Ms. Miller shrugged. "About two hours I guess—it does faster when Lucina is here with me, but she called in sick so I was stuck by myself. I figured all the excitement was over, so I got busy in here and didn't pay much attention to much else going on outside the stockroom. I sorta regret that now."

"You didn't know there was a problem building," Grissom told her in this gentle voice, and for the first time I could see that Ms. Miller was struggling not to cry. I felt bad for her—she had her lips pressed together and she blinked a lot, so I spoke up.

"Sometimes it's hard being a survivor, I know. But we're going to get out of here, Ms. Miller, trust me."

She nodded at me and managed a little smile. Grissom pulled a Sharpie marker out of his vest pocket and was drawing on one of the cinderblock walls, sketching out a timeline, marking one end at noon and the other at two AM. "What happened next, and when did it happen, Ms Miller?"

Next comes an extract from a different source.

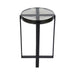 This contemporary end table features a sturdy mild steel frame paired with a round casted glass top, offering both durability and style. The clean lines and modern black finish make it perfect as a side table or accent piece in living rooms, bedrooms, or offices. Ideal for modern and industrial home decor, this versatile table adds a sleek, functional touch to any interior space.
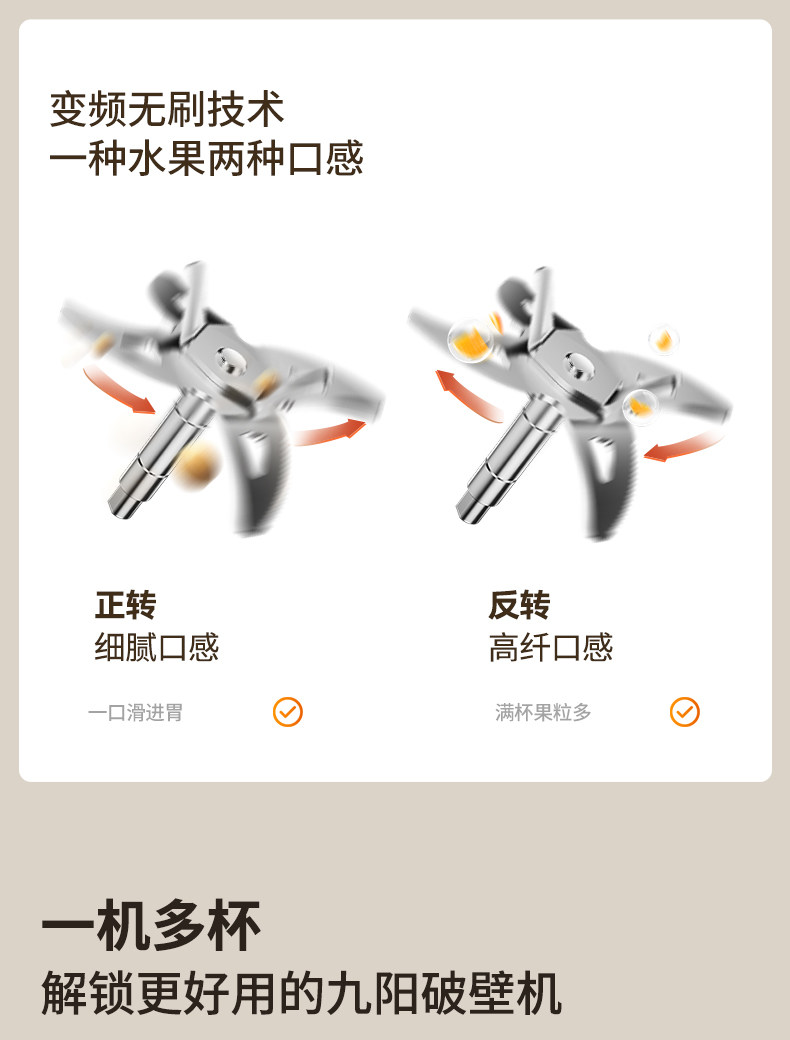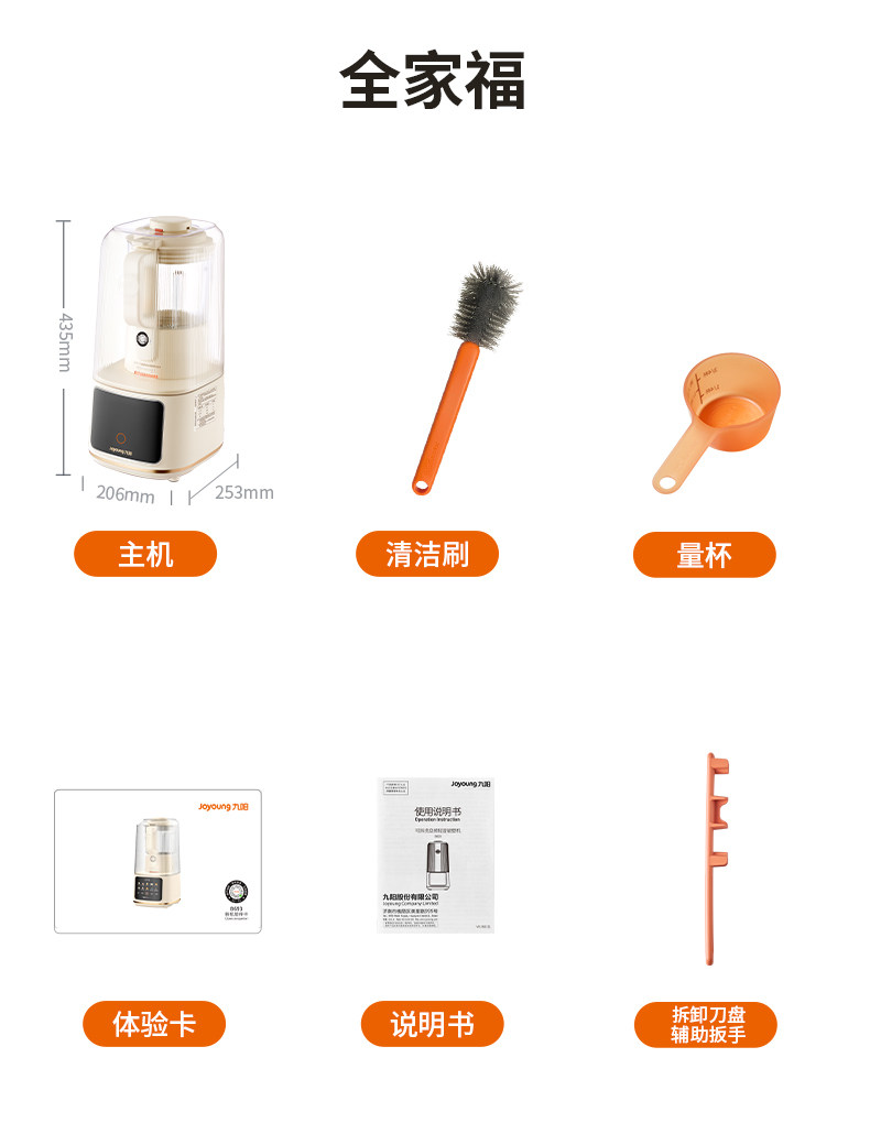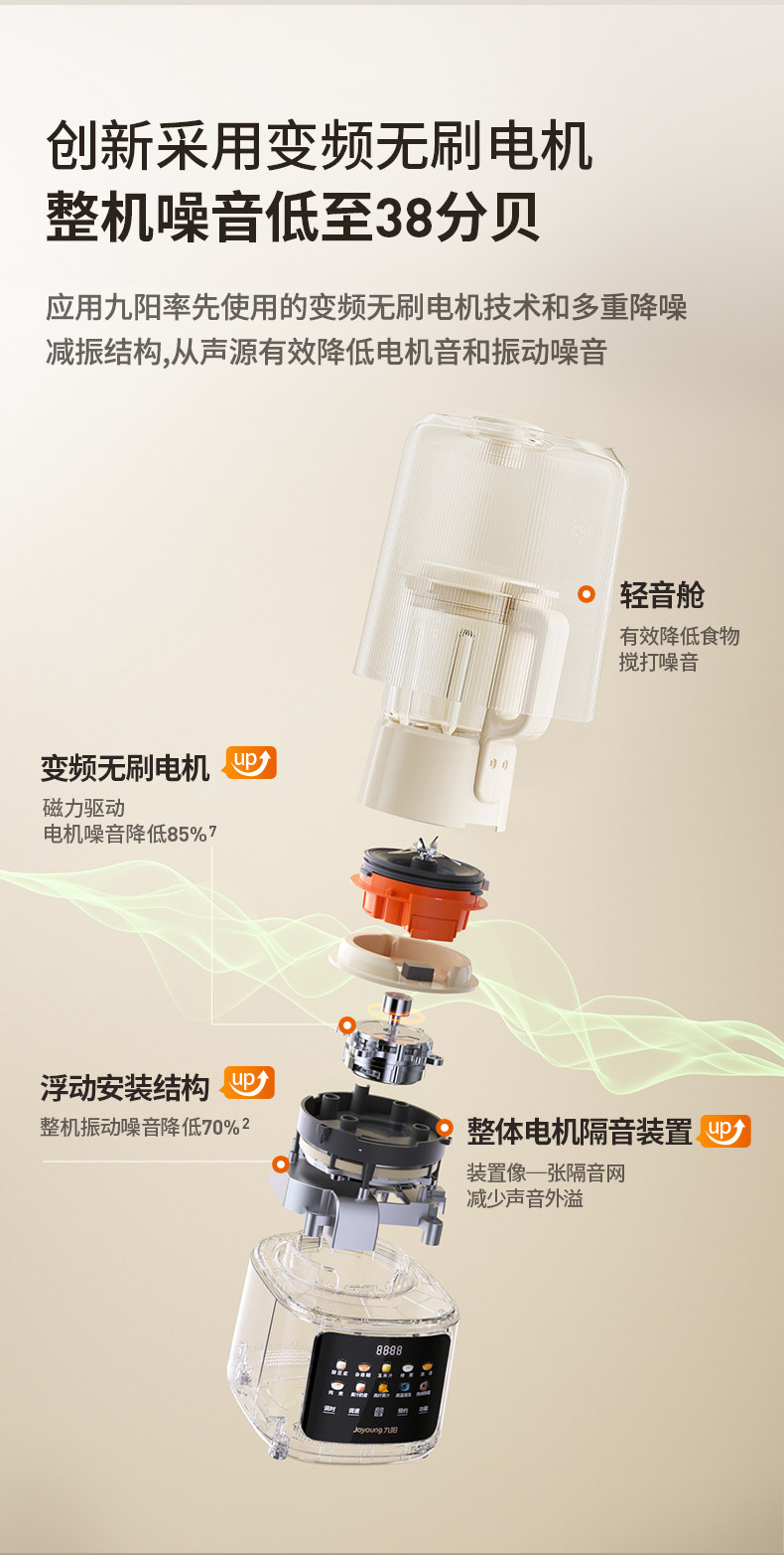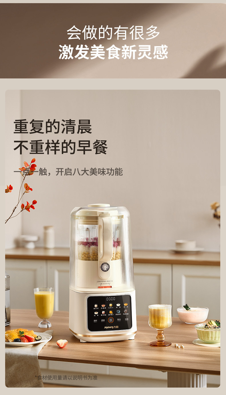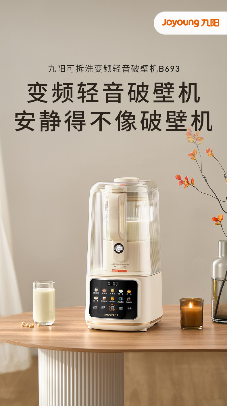 九阳变频轻音破壁机含钛刀盘可拆洗家用多功能料理机榨汁辅食豆浆

"Well, I took my break around two, and was going to grab a cone over at the ice cream shop when I noticed that Genese was mopping up blood out near the screen door display. She said she didn't know what happened, but that Mr. Hackamore had told her to get it cleaned up fast and to wear latex gloves. I thought that was weird. When I left the store, I noticed that we only had one cashier—Jeanie I think it was—on duty. Usually we have three or more, and one on the contractor's desk too, but not at two when I stepped out."

"How many employees work at this store during the day?" Sara asked softly. I started to clean up our little lunch, still listening.

Hey, just because we're facing potentially gory death doesn't mean we have to leave a mess, right?

"Hard to say—usually we have about twenty people down on the floor, between the cashiers, restock people and custodial crew. Up in management there are always two or three in the office, so about twenty three?"

"So we'll assume that the infection—if that's what this is—is passed on by bite. Our ground zero patient is Diego, bitten at noon. You said he bit the nurse, and by best guess that would have been about fifteen minutes to half an hour after his initial infection . . . " Grissom muttered, "So did Diego go home?"

Louise nodded. "I'm pretty sure he did—Hackamore would have insisted, after they did some of the Workman's Comp paperwork."

"So he could have run into any number of people on his way out . . . " I added, "as could have the nurse."

"Then we're looking at an exponentially spreading infection, Grissom. Buuuuut, how long a time period does it take to go from bite victim to walking zombie?" Sara asked.

That really was the question none of us could answer. Ms Miller looked thoughtful.